Problem requirements: After finding the line with "delgadas y lazo", restate it and each remaining line of the material word for word, omitting every picture.

Provided material:
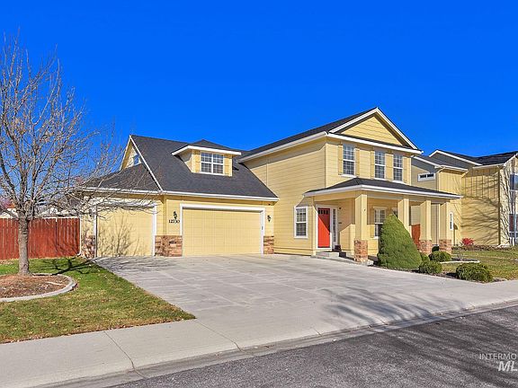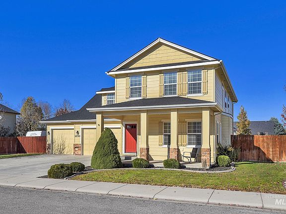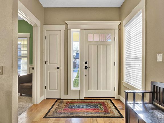 This meticulously maintained two-story home in the desirable Rockhampton subdivision is just a short walk to a community park and Boise Ranch Golf Course. The neighborhood features over 5 acres of parks, common areas, and walking paths. The home itself offers many recent updates including a newer furnace, newer roof, exterior paint refreshed 4 years ago, and stunning updates to the kitchen. Updates include top-of-the-line LG appliances, granite counters, and a gas stove. The home boasts elegant hardwood floors as well as tile floors in the bathrooms. On the main level you will find a guest room, office, and full bath. Upstairs, enjoy an expansive bonus area, loft area, 2 bedrooms, and the primary suite with vaulted ceilings and an en-suite. The attached garage, epoxied in 2023, offers extra storage and tandem space. Enjoy the warmth of a cozy gas fireplace and a formal dining room with a built in hutch. Outside you will find room for RV parking and a beautifully landscaped backyard, ready for entertaining.
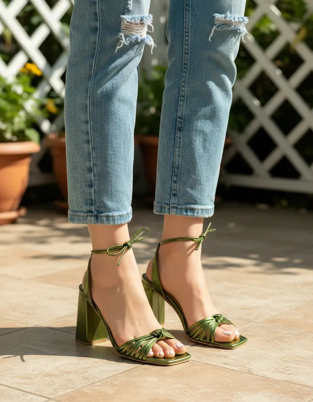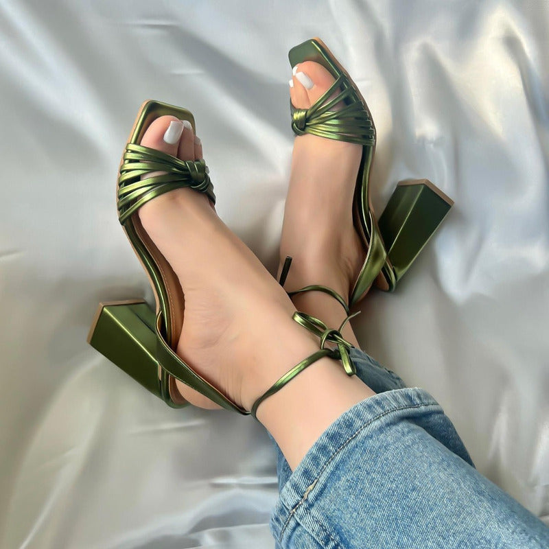 💎 Marek – Glamour que se siente en cada paso 💎 Zapatillas con tacón triangular con tiras delgadas y lazo
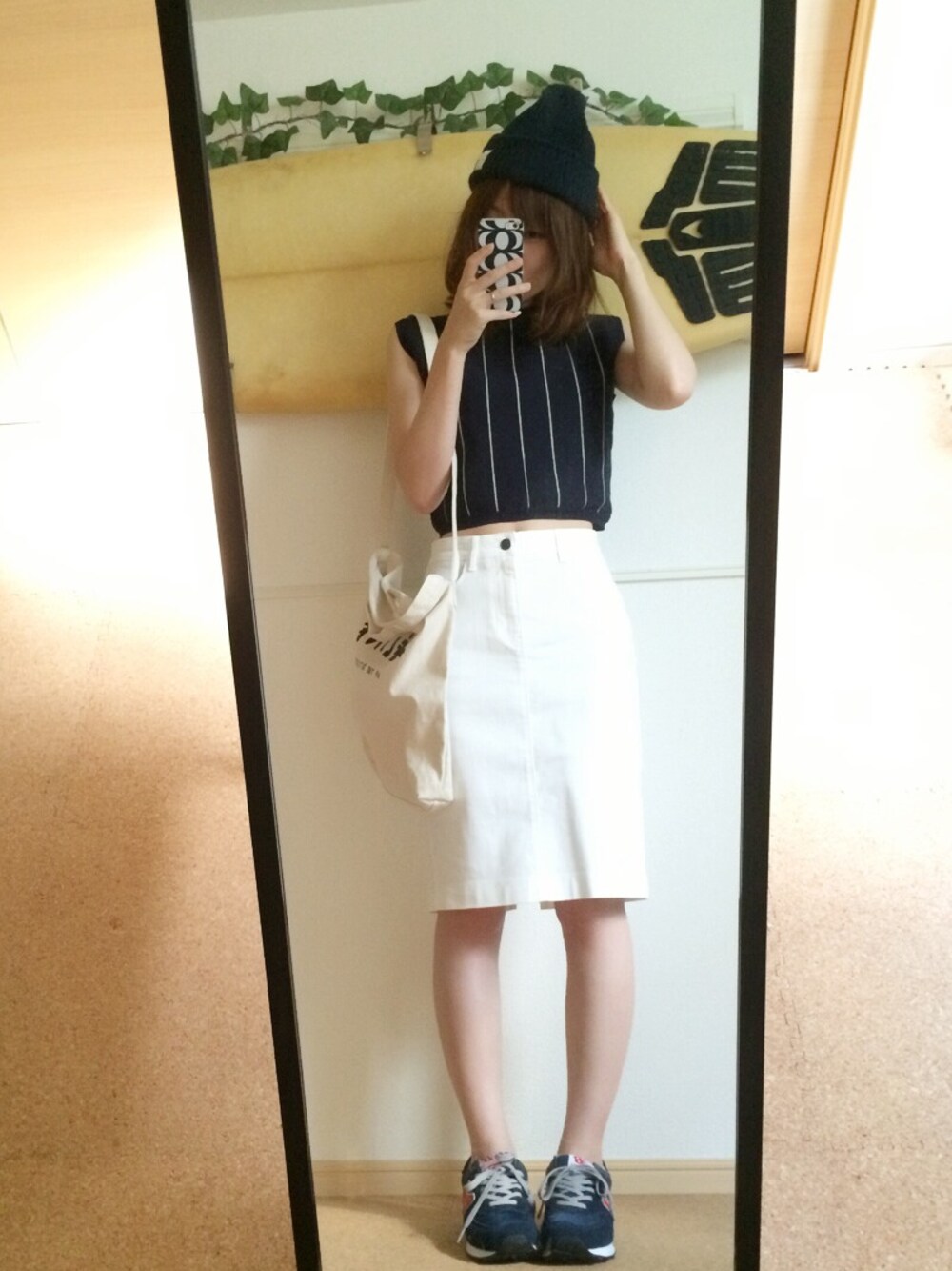 前載せたセットアップのトップスでコーデ。 ネイビーと白でまとめました。 まとまりすぎた感満載ヽ(*´∀`*)ノ
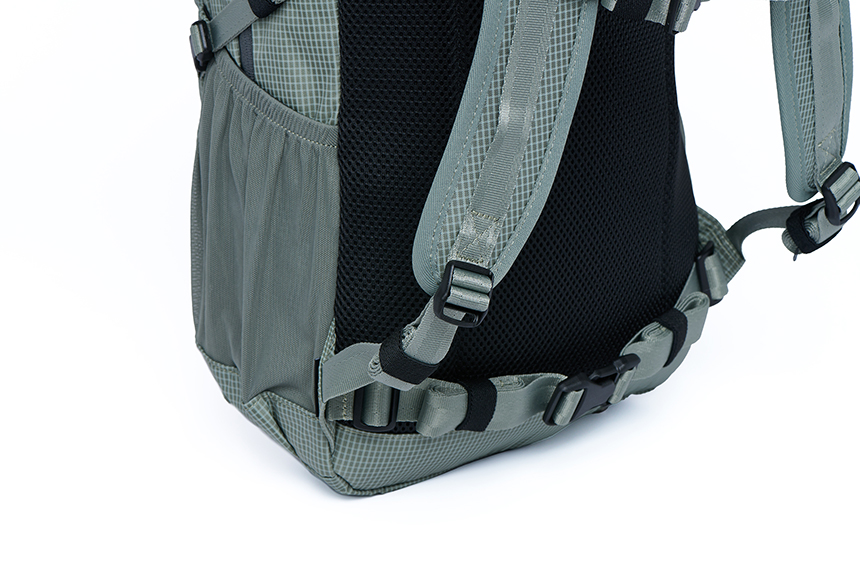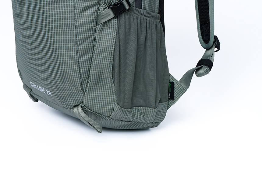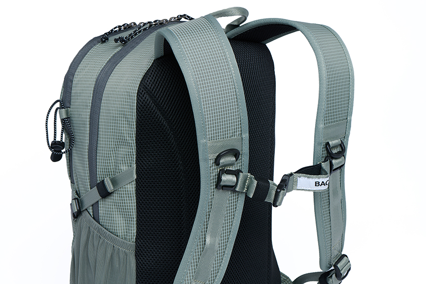 가벼운 산행뿐만 아니라 일상생활에까지 다용도로 활용이 가능한 20L 배낭으로 경량 립스탑(regen robic 리사이클) 원단을 사용하였습니다.

Answer to this task:
 💎 Marek – Glamour que se siente en cada paso 💎 Zapatillas con tacón triangular con tiras delgadas y lazo
 前載せたセットアップのトップスでコーデ。 ネイビーと白でまとめました。 まとまりすぎた感満載ヽ(*´∀`*)ノ
 가벼운 산행뿐만 아니라 일상생활에까지 다용도로 활용이 가능한 20L 배낭으로 경량 립스탑(regen robic 리사이클) 원단을 사용하였습니다.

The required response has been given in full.